━━━━━ RECORDS SUPPLIED ━━━━━
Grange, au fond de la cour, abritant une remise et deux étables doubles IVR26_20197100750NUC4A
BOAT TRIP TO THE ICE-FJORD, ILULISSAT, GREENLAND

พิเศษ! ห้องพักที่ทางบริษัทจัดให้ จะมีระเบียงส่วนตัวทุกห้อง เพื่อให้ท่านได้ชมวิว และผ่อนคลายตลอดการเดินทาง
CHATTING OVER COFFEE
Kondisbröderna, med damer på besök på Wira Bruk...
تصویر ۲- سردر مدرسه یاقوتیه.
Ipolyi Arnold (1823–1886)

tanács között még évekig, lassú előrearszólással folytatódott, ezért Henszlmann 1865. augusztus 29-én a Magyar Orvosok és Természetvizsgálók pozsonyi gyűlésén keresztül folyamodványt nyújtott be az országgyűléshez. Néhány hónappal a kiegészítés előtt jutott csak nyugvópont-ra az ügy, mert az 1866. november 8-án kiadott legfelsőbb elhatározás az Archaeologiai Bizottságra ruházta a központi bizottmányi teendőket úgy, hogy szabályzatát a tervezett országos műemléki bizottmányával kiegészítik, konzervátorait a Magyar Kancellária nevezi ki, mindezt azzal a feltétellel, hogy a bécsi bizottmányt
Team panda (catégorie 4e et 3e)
━━━━━
━━━━━ RECORDS SUPPLIED ━━━━━
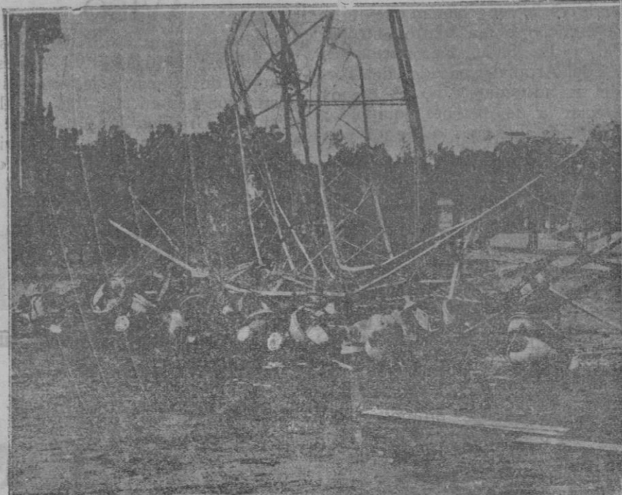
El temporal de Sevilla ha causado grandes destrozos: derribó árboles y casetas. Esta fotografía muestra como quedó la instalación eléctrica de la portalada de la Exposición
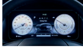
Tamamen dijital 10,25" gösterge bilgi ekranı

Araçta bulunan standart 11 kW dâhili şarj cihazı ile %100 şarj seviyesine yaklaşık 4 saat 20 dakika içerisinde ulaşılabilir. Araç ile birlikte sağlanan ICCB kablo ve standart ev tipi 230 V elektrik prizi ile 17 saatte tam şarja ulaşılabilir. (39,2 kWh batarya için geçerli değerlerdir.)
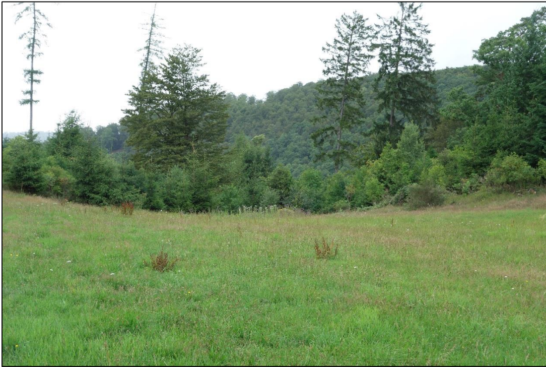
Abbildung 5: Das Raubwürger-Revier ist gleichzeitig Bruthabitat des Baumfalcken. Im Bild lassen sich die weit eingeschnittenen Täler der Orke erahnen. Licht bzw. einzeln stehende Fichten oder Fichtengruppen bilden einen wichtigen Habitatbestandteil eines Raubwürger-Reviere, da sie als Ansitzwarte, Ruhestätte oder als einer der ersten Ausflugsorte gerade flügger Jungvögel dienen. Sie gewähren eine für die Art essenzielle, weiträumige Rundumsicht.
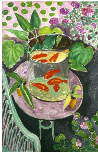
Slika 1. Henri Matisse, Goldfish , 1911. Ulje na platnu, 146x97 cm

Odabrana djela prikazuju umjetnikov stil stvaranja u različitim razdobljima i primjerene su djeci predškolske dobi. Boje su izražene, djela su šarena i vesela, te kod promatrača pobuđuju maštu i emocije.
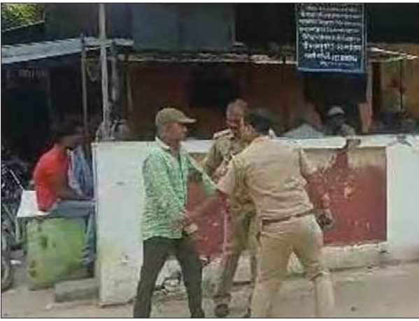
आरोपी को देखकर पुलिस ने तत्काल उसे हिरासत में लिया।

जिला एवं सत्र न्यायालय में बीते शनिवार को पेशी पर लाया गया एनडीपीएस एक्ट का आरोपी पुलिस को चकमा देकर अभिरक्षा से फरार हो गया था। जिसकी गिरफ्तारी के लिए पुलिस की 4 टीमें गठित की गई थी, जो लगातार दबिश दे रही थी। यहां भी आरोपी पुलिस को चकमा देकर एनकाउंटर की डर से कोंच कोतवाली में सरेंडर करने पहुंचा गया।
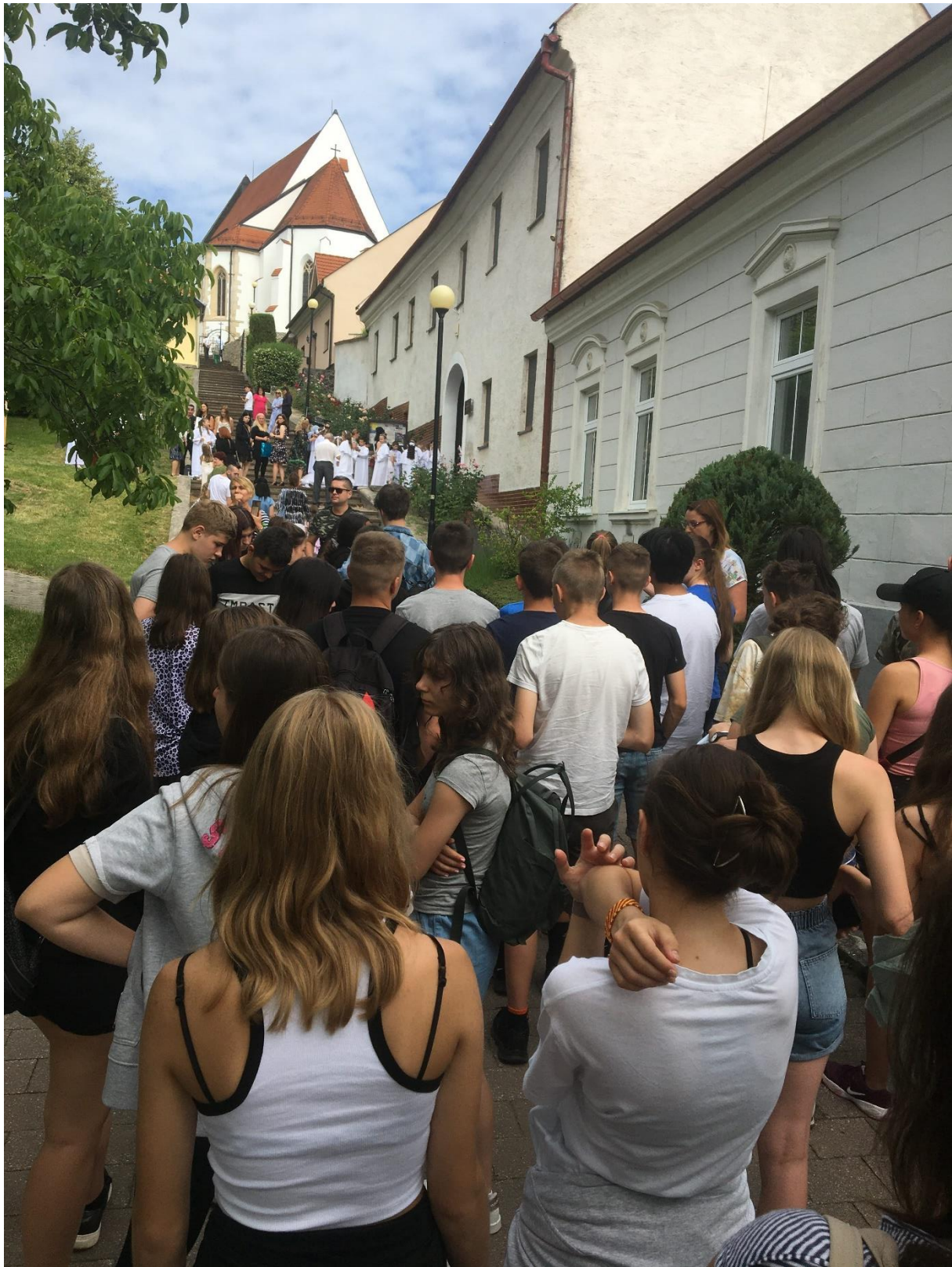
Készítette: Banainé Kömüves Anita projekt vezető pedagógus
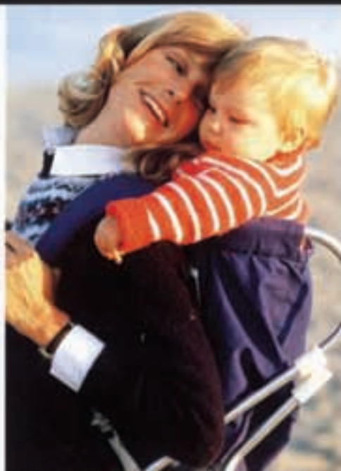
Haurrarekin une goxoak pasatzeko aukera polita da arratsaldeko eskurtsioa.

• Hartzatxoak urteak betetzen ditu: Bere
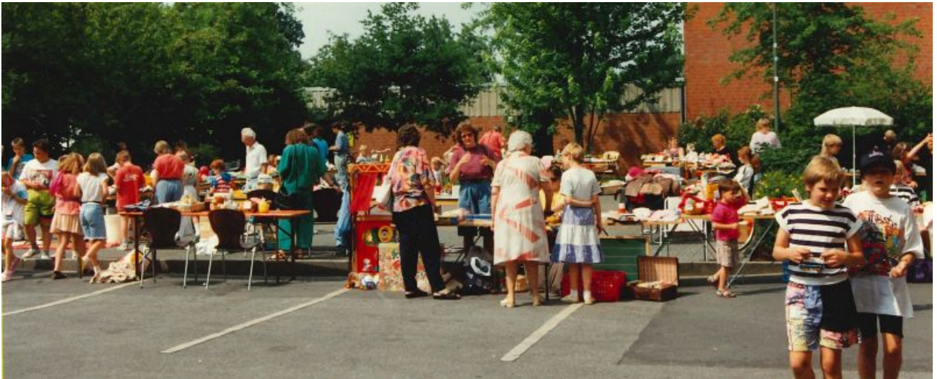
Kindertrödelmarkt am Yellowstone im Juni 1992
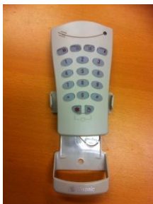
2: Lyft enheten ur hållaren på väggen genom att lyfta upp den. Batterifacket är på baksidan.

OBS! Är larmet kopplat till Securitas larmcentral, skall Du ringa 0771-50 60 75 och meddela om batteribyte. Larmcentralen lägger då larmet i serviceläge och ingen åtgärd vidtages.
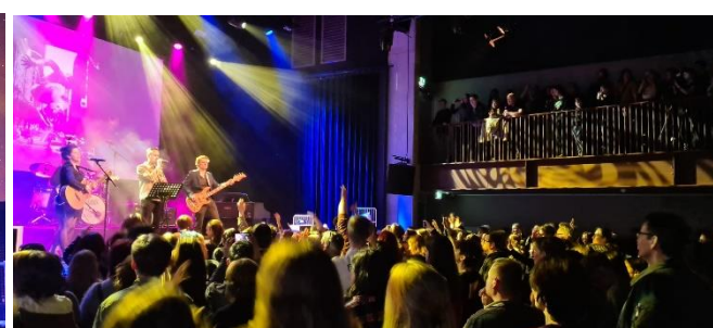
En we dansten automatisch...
━━━━━
━━━━━ RECORDS SUPPLIED ━━━━━
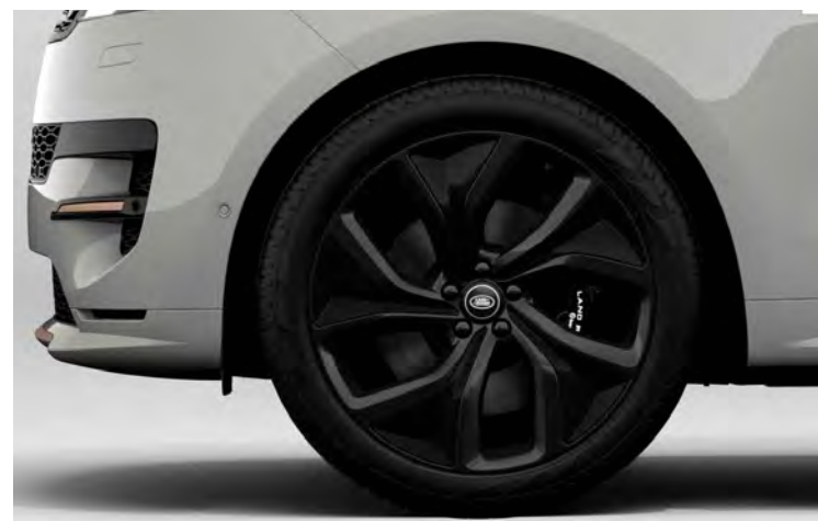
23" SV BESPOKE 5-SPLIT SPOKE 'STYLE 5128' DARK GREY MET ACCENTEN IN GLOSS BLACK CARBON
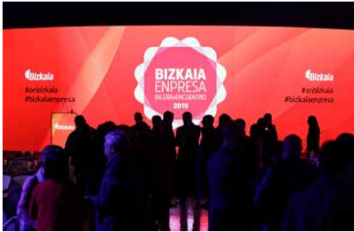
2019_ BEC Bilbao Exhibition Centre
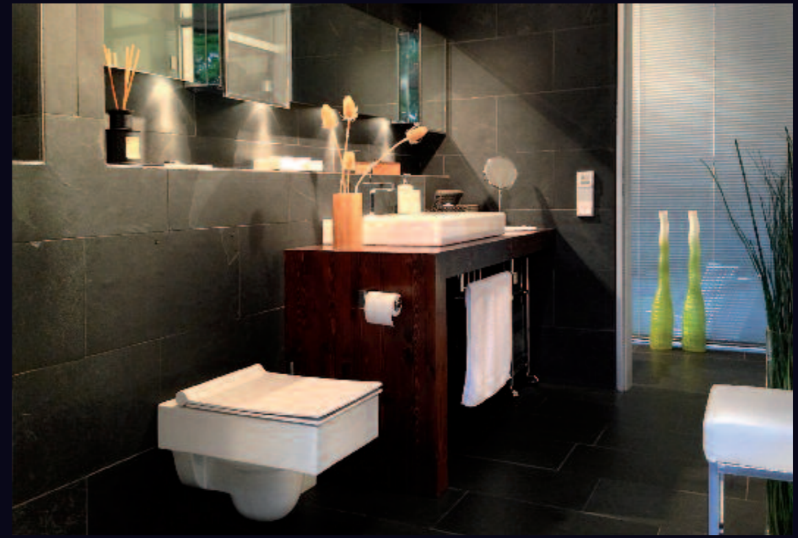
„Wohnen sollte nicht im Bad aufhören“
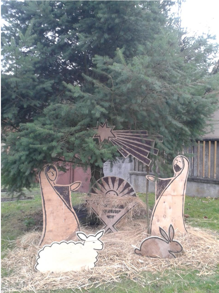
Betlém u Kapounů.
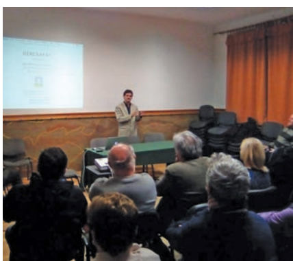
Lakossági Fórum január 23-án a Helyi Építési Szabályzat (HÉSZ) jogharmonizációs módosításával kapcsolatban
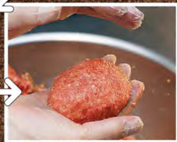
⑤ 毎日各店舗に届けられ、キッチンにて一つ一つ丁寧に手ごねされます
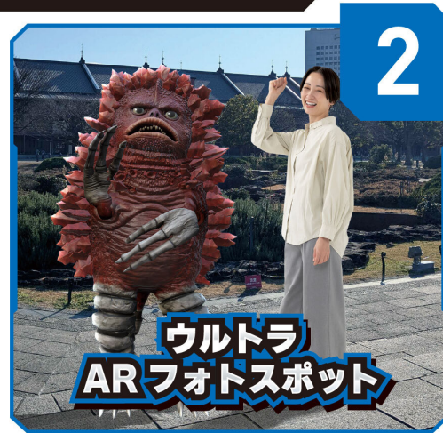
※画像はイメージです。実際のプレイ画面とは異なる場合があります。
━━━━━
The response must hold only the lines above from the line with "Grange, au fond" through the line with "CHATTING OVER COFFEE", each copied exactly, both ends kept.

Grange, au fond de la cour, abritant une remise et deux étables doubles IVR26_20197100750NUC4A
BOAT TRIP TO THE ICE-FJORD, ILULISSAT, GREENLAND

พิเศษ! ห้องพักที่ทางบริษัทจัดให้ จะมีระเบียงส่วนตัวทุกห้อง เพื่อให้ท่านได้ชมวิว และผ่อนคลายตลอดการเดินทาง
CHATTING OVER COFFEE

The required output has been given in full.